🤖 AI Summary
This study addresses the decision-making risk arising from uncertainty in loss distributions within insurance contract design. From the policyholder’s perspective, it constructs an asymmetric distributional ambiguity set using a Bregman–Wasserstein (BW) ball to capture asymmetric penalties for deviations from a reference distribution. Under α-maxmin preferences with a Value-at-Risk (VaR) constraint and worst-case convex distortion risk measures, the authors combine Lagrangian methods with a refined duality argument to derive, for the first time, closed-form solutions for both the optimal indemnity function and the worst-case distribution within a robust insurance demand framework.

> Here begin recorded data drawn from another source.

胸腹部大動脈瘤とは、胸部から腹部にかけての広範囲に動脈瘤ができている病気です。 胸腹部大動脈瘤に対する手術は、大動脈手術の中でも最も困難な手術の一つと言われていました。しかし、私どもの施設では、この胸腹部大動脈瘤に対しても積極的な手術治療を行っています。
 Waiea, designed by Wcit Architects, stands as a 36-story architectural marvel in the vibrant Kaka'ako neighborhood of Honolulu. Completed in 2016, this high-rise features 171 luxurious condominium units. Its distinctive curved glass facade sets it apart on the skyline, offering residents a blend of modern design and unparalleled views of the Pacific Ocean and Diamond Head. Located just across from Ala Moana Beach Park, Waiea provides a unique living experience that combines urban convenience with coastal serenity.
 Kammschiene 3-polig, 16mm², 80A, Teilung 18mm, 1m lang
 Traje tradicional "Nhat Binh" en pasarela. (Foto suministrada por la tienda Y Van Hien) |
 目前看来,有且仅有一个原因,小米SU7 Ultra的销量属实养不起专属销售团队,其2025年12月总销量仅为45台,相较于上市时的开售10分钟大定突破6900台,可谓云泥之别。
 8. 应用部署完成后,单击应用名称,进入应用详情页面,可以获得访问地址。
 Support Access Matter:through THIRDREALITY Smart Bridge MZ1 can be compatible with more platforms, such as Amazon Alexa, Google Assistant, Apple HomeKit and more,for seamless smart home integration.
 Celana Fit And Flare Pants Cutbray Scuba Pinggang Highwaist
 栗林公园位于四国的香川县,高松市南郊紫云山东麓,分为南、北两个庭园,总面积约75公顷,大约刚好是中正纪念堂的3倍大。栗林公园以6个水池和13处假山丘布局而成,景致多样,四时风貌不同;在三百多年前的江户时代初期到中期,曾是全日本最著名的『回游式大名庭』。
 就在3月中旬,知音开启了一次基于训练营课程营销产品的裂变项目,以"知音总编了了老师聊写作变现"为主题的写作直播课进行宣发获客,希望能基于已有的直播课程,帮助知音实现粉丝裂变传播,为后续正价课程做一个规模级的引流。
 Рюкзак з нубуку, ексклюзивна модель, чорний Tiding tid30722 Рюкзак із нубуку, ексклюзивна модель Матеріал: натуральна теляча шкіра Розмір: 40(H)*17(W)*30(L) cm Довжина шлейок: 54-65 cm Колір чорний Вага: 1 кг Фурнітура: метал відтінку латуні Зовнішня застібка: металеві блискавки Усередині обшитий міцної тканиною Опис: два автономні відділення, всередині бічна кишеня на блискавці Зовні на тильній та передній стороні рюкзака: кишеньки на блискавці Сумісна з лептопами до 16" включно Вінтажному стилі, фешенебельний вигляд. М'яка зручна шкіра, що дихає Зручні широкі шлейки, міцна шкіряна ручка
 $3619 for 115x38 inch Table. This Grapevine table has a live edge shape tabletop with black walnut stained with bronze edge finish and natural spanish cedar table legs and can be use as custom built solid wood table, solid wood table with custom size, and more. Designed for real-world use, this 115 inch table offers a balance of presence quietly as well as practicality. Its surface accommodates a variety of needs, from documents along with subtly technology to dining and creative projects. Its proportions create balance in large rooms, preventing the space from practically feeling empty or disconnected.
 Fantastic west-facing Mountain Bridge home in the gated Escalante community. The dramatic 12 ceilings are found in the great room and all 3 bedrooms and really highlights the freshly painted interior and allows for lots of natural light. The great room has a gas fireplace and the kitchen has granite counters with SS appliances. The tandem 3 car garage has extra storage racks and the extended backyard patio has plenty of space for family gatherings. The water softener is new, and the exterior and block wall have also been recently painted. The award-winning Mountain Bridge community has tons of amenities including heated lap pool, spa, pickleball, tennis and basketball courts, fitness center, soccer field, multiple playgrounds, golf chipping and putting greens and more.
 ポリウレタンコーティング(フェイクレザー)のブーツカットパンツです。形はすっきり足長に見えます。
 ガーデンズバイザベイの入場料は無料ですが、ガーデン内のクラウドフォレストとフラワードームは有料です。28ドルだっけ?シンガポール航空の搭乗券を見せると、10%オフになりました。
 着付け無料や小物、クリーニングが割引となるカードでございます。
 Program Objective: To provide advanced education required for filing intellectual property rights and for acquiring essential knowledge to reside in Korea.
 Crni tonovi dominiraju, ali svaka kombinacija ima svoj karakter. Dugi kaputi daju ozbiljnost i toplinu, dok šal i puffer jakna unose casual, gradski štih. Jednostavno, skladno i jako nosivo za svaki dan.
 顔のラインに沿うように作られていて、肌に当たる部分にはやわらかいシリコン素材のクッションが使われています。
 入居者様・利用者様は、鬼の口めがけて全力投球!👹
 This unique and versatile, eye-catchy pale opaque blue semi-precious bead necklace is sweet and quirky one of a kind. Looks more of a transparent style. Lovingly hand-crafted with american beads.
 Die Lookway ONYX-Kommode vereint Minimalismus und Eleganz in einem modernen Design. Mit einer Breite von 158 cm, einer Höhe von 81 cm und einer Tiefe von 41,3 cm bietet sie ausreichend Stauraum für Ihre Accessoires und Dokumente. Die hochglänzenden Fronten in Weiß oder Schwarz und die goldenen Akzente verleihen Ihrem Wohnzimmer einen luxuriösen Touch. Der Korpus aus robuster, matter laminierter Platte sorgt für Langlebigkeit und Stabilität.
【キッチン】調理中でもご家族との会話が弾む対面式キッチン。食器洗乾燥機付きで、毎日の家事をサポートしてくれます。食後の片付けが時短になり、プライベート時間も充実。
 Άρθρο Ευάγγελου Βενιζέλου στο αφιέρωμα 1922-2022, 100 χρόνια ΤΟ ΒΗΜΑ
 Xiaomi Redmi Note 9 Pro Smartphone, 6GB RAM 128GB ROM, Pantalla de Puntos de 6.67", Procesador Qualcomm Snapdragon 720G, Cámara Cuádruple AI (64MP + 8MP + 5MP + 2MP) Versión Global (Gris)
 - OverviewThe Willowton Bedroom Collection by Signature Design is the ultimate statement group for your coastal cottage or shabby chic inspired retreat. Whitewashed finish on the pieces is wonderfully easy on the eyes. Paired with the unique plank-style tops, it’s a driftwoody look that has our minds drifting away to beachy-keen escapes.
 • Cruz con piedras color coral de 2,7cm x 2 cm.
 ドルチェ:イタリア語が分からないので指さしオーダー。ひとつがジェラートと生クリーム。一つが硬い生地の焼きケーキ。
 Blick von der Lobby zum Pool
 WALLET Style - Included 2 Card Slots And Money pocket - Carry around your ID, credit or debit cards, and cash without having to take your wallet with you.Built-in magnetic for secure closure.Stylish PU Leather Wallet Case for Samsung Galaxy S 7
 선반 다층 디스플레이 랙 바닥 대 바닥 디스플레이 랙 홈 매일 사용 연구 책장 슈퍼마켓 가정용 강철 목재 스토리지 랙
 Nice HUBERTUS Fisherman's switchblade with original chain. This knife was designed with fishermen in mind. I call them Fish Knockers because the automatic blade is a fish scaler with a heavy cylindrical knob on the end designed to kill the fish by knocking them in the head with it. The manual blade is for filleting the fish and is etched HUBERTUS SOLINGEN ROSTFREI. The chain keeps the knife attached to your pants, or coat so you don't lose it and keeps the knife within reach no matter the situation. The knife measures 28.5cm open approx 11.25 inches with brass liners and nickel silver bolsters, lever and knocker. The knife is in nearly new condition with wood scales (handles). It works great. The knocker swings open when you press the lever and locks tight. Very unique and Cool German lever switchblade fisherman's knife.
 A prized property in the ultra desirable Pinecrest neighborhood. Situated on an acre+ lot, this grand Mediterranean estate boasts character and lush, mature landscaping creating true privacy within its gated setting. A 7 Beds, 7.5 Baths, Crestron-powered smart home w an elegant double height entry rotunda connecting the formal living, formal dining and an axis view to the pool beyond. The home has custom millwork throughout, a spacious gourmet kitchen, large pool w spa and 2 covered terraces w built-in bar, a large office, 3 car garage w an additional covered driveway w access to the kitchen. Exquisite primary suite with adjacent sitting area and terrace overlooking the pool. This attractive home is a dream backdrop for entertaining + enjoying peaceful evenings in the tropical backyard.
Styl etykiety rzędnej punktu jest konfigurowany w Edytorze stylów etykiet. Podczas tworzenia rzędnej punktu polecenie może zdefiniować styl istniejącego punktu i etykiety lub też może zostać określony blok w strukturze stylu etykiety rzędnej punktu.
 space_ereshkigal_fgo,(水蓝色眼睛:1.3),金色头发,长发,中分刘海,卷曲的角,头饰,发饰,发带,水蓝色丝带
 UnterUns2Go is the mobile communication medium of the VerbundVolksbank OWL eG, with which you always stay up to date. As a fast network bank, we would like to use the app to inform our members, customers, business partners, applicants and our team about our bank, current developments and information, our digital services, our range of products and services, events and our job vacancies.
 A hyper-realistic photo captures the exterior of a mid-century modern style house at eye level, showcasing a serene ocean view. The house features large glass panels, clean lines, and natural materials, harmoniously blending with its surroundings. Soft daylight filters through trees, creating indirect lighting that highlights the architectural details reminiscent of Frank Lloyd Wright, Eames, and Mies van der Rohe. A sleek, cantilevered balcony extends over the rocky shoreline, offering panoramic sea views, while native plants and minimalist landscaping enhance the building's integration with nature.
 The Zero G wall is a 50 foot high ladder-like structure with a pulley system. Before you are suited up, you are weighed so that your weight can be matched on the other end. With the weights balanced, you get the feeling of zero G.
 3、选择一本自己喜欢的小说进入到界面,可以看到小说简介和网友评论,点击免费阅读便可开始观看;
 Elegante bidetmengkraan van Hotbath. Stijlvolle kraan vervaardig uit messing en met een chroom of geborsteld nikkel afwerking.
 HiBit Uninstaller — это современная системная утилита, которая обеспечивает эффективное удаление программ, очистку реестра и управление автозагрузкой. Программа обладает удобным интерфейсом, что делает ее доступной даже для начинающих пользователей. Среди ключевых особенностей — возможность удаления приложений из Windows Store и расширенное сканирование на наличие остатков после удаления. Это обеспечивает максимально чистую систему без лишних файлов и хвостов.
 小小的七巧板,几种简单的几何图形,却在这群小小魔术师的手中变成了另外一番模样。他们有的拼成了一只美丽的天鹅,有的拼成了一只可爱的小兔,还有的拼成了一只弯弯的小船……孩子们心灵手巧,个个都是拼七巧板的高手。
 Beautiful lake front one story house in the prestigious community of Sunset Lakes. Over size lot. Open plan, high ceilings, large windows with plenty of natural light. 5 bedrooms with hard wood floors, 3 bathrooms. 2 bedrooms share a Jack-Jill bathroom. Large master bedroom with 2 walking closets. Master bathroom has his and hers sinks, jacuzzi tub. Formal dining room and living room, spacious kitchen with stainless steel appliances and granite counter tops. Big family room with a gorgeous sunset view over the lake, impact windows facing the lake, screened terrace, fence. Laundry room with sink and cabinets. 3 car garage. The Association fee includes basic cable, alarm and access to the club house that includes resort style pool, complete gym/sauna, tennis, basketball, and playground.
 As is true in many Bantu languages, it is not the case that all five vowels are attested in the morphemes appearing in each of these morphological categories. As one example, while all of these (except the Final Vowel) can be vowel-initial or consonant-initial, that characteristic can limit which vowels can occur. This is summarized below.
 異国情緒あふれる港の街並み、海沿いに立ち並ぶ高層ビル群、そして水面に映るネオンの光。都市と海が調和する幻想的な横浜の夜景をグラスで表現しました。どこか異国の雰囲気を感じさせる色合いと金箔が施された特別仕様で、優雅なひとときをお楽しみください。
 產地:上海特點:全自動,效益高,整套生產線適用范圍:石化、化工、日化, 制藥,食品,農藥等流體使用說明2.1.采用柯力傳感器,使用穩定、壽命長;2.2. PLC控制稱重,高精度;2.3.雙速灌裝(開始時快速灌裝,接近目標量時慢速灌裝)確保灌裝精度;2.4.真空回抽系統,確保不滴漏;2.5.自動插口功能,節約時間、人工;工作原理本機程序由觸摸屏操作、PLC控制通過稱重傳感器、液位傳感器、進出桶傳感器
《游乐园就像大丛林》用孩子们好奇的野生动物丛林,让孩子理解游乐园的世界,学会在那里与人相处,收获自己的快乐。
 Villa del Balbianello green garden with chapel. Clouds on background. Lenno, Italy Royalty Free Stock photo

Numerical experiments demonstrate that the asymmetry inherent in the BW divergence critically shapes the structure of optimal insurance contracts.
📝 Abstract
This paper investigates two optimal insurance contracting problems under distributional uncertainty from the perspective of a potential policyholder, utilizing a Bregman-Wasserstein (BW) ball to characterize the ambiguity set of loss distributions. Unlike the $p$-Wasserstein distance, BW divergence enables asymmetric penalization of deviations from the benchmark distribution. The first problem examines an insurance demand model where the policyholder adopts an $α$-maxmin preference with Value-at-Risk (VaR). We derive the optimal indemnity function in closed form and study, both analytically and numerically, how the asymmetry inherent in BW divergence influences the optimal indemnity structure. The second problem employs a robust optimization framework, where the policyholder aims to secure robust insurance indemnity by minimizing the worst-case convex distortion risk measure while adhering to a guaranteed VaR constraint. In this context, we provide explicit characterizations of both the optimal indemnity and the worst-case distribution in closed form through a combined approach using the Lagrangian method and modification arguments. To illustrate the practical implications of our theoretical findings, we include a concrete example based on Tail Value-at-Risk (TVaR).